Problem statement: Please repeat exactly the lines below from the line with "짝을 지어 건등산 주변 명봉산 주변 등 산불예방 캠페인 중입니다^*^" to the line with "colorful fantasy landscape.", including both, and leave out every picture.

Data to examine:
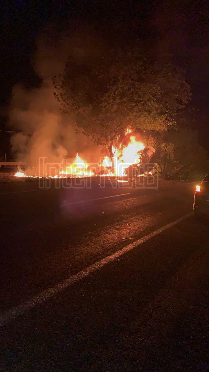 SE INCENDIA TRACTOCAMION EN ACCIDENTE Santiago.- Un fuerte accidente se registra en el km 236 de la Carretera Nacional a...
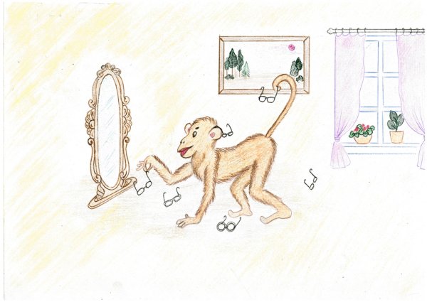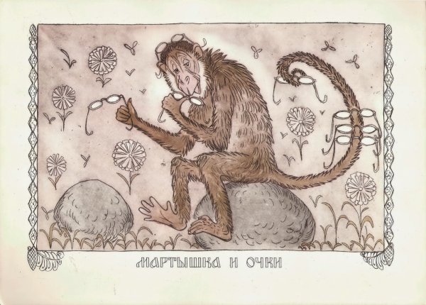 Иллюстрация к произведению "Мартышка и очки" является живописной визуализацией этой занимательной и увлекательной истории. На картине можно увидеть маленькую, коварную мартышку, которая с любопытством рассматривает пару блистательных очков. Ее озорные глаза полны неподдельного восхищения и жадности, ведь эти очки - настоящее сокровище для нее. Художник прекрасно передал выразительность лица мартышки, ее раздумия и возможное решение сделать попытку завладеть этими очками. Иллюстрация с юмором и легкостью раскрывает основную тему произведения, вызывая у читателя интерес и желание узнать, насколько успешна будет попытка мартышки завладеть непомерным богатством в виде этих блестящих очков.
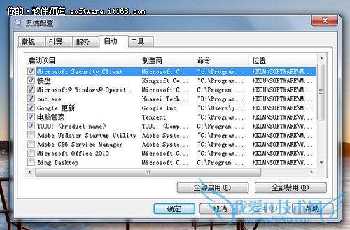 很多同学入手了Win7新电脑,自然是每天把玩,乐不自禁,也许几天时间里就已经安装了大量的程序,毕竟现在的机子,内存和硬盘空间都很大,恨不能把所有的程序、游戏都安装上去玩个爽。刚开始时,可能你的电脑运行速度还很快,但使用一段时间后,是不是发现电脑的启动时间,以及开启程序的时间变得越来越长了?有木有!其实,不是电脑的硬件不够高,可能是你的系统已经变得越来越臃肿了!那么,是什么在“吃”掉你的空间和速度?通过本文,给你的电脑做个体检,相信你可以让Win7跑的更快。 首先,开机启动项过多往往是影响开机速度的罪魁祸首,并且很多情况下,用户并不知道哪些是开机启动项,并且部分软件是默认开机启动,除非单独进行设置才行。除此之外,开机启动项中必然包括系统的必要内容,比如桌面、任务栏等。而安装的软件,有一些例如杀毒软件自动启动也就无所谓了,有一些软件不常用,并且完全没必要开机启动
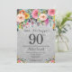 Silver Glitter Floral Surprise 90th Birthday Invitation
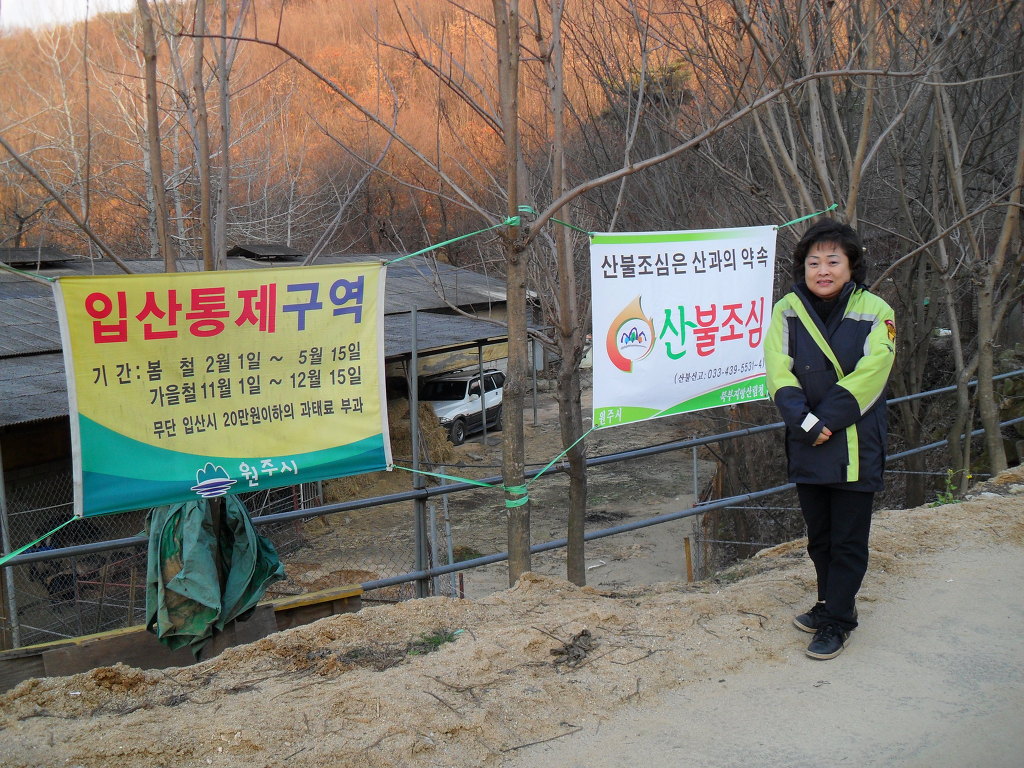 짝을 지어 건등산 주변 명봉산 주변 등 산불예방 캠페인 중입니다^*^
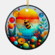 • This charming ceramic ornament colored glass abstract design captures a vibrant bee soaring over a colorful fantasy landscape.
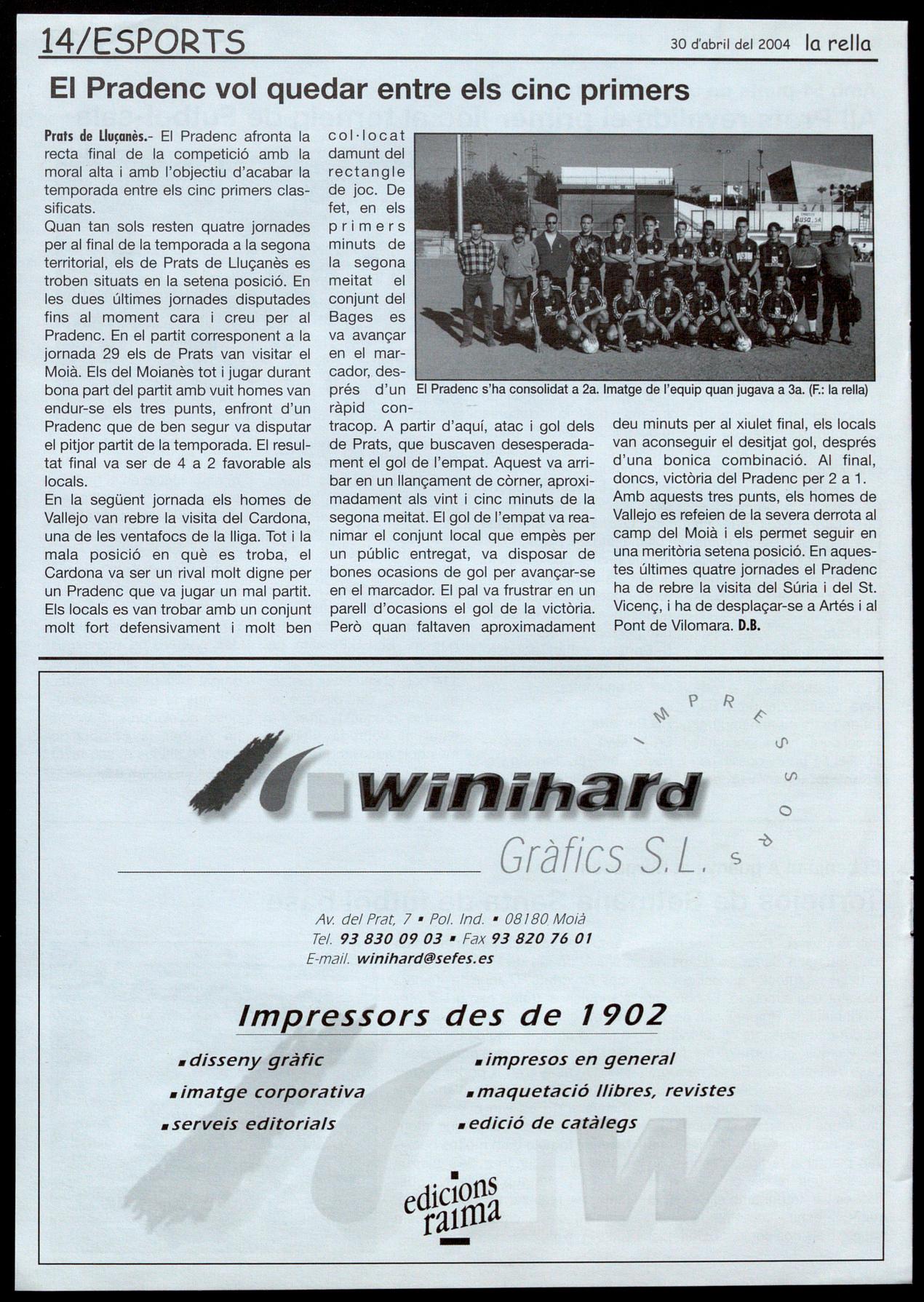 ràpid contracop. A partir d'aquí, atac gol dels de Prats, que buscaven desesperadament el gol de l'empat. Aquest va arribar en un llançament de còrner, aproximadament als vint cinc minuts de la segona meitat. El gol de l'empat va reanimar el conjunt local que empès per un públic entregat, va disposar de bones ocasions de gol per avançar-se en el marcador. El pal va frustrar en un parell d'ocasions el gol de la victòria. Vicenç, i ha de desplaçar-se a Artés i al Però quan faltaven aproximadament Pont de Vilomara. D.B.
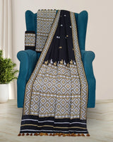 Black padmini cotton mekhela sador with designer motifs

Exercise response:
 짝을 지어 건등산 주변 명봉산 주변 등 산불예방 캠페인 중입니다^*^
 • This charming ceramic ornament colored glass abstract design captures a vibrant bee soaring over a colorful fantasy landscape.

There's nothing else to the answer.